━━━━━ Source information

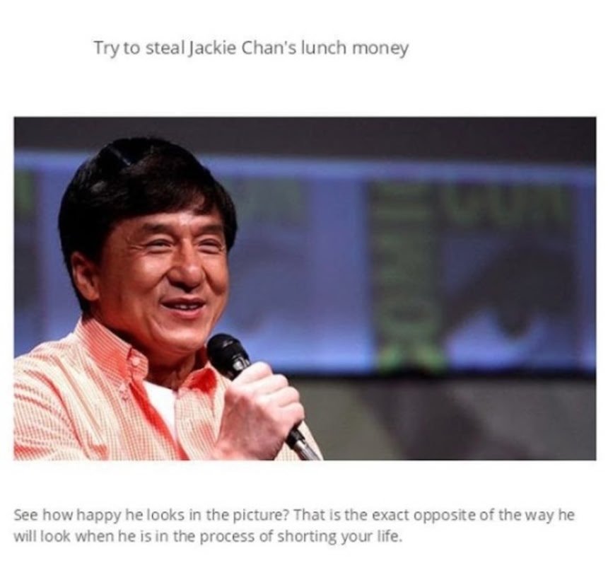 この画像を大きなサイズで見るこの写真のジャッキーはなんとも幸せそうな穏やかな顔をしている。が、あなたの寿命を縮めようとしているときの彼の顔はまるで正反対になるはずだ。
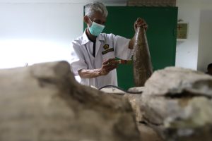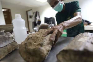 Petugas Museum Geologi Bandung mulai melakukan proses preparasi fosil yang ditemukan di Kabupaten Nganjuk, Jawa Timur. (foto: eci/pasjabar)
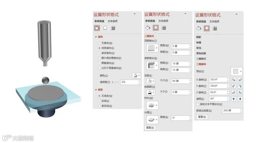三维格式:底部棱台:椭圆1:角度,椭圆2:无,深度-自动,大小:椭圆1:80磅,椭圆2:10磅,材料-最浅,光源-三点,具体参数详见下图;
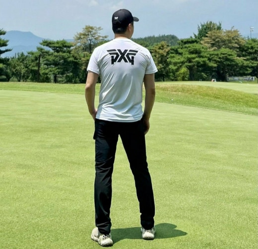 ➡️ 등판에 PXG 빅로고 플레이를 통해 포인트를 준 여름 라운드 반팔 티셔츠
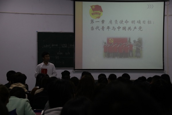 他从新思想、新形式、新目标一一为我们讲述中国共产党的发展历程。从马克思列宁主义、邓小平理论、毛泽东思想、到“三个代表”重要思想、再到新时代的中国特色社会主义思想,又从解放后到改革开放后的新形式。郭书记语重心尝的为我们解释,他还举例子为我们说明,直至我们听懂、明白、了解。
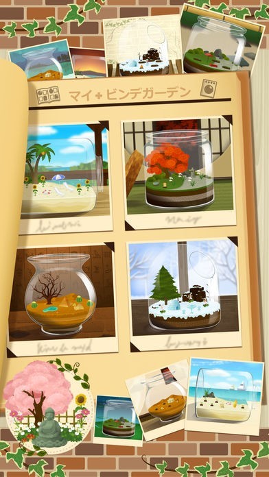 瓶を選んで霧吹きで定期的にお水をかけてあげると、だんだんお庭ができあがっていく育成ゲームです。どんなお庭になるかは完成するまでのお楽しみで、やり出すと愛着がわいてついついお手入れしたくなっちゃうのでスキマ時間のヒマつぶしにも最適です。
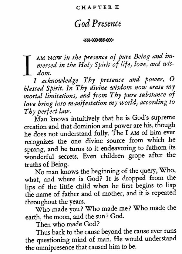 I acknowledge Thy presence and power, O blessed Spirit. In Thy divine wisdom now erase my mortal limitations, and from Thy pure substance of love bring into manifestation my world, according to Thy perfect law.
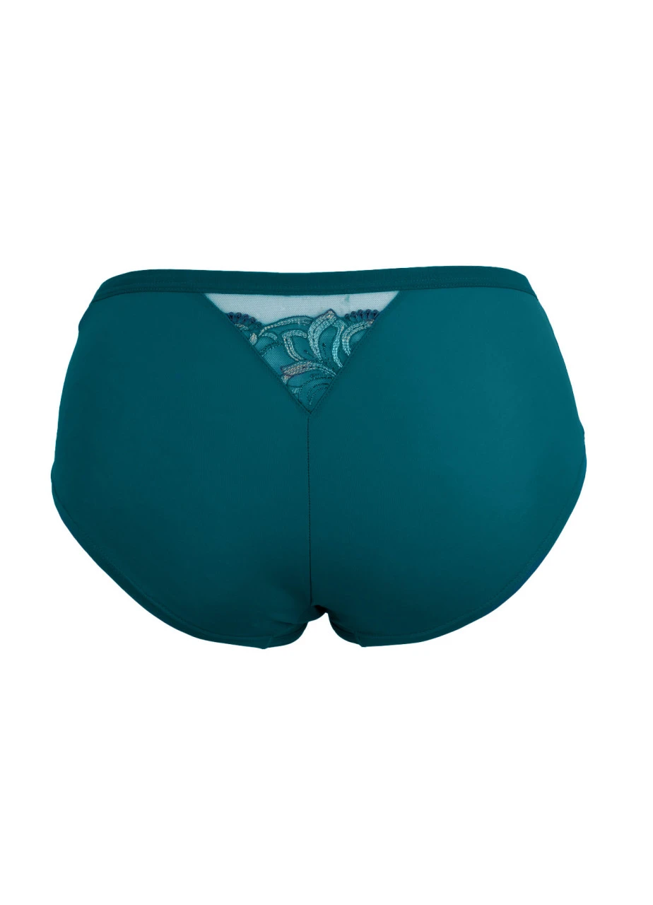 „Molly“ ist ein komfortabler Slip mit höherem Bund in frischem Azurblau – ein klassisches Model perfekt für jeden Tag. Die Stickerei und die floralen Akzente sorgen für besonderen Charme. Bestes Tragegefühl bieten der besonders flache Bund- und Beinabschluss und die verarbeitete weiche Mikrofaser. Im Poteil sorgt ein transparenter Einsatz für einen attraktiven Hingucker.

━━━━━━━━━━

▶ [What is required] Reproduce the entries exactly. Do not carry over any picture.

▶ [Output for this task]
 この画像を大きなサイズで見るこの写真のジャッキーはなんとも幸せそうな穏やかな顔をしている。が、あなたの寿命を縮めようとしているときの彼の顔はまるで正反対になるはずだ。
 Petugas Museum Geologi Bandung mulai melakukan proses preparasi fosil yang ditemukan di Kabupaten Nganjuk, Jawa Timur. (foto: eci/pasjabar)
三维格式:底部棱台:椭圆1:角度,椭圆2:无,深度-自动,大小:椭圆1:80磅,椭圆2:10磅,材料-最浅,光源-三点,具体参数详见下图;
 ➡️ 등판에 PXG 빅로고 플레이를 통해 포인트를 준 여름 라운드 반팔 티셔츠
 他从新思想、新形式、新目标一一为我们讲述中国共产党的发展历程。从马克思列宁主义、邓小平理论、毛泽东思想、到“三个代表”重要思想、再到新时代的中国特色社会主义思想,又从解放后到改革开放后的新形式。郭书记语重心尝的为我们解释,他还举例子为我们说明,直至我们听懂、明白、了解。
 瓶を選んで霧吹きで定期的にお水をかけてあげると、だんだんお庭ができあがっていく育成ゲームです。どんなお庭になるかは完成するまでのお楽しみで、やり出すと愛着がわいてついついお手入れしたくなっちゃうのでスキマ時間のヒマつぶしにも最適です。
 I acknowledge Thy presence and power, O blessed Spirit. In Thy divine wisdom now erase my mortal limitations, and from Thy pure substance of love bring into manifestation my world, according to Thy perfect law.
 „Molly“ ist ein komfortabler Slip mit höherem Bund in frischem Azurblau – ein klassisches Model perfekt für jeden Tag. Die Stickerei und die floralen Akzente sorgen für besonderen Charme. Bestes Tragegefühl bieten der besonders flache Bund- und Beinabschluss und die verarbeitete weiche Mikrofaser. Im Poteil sorgt ein transparenter Einsatz für einen attraktiven Hingucker.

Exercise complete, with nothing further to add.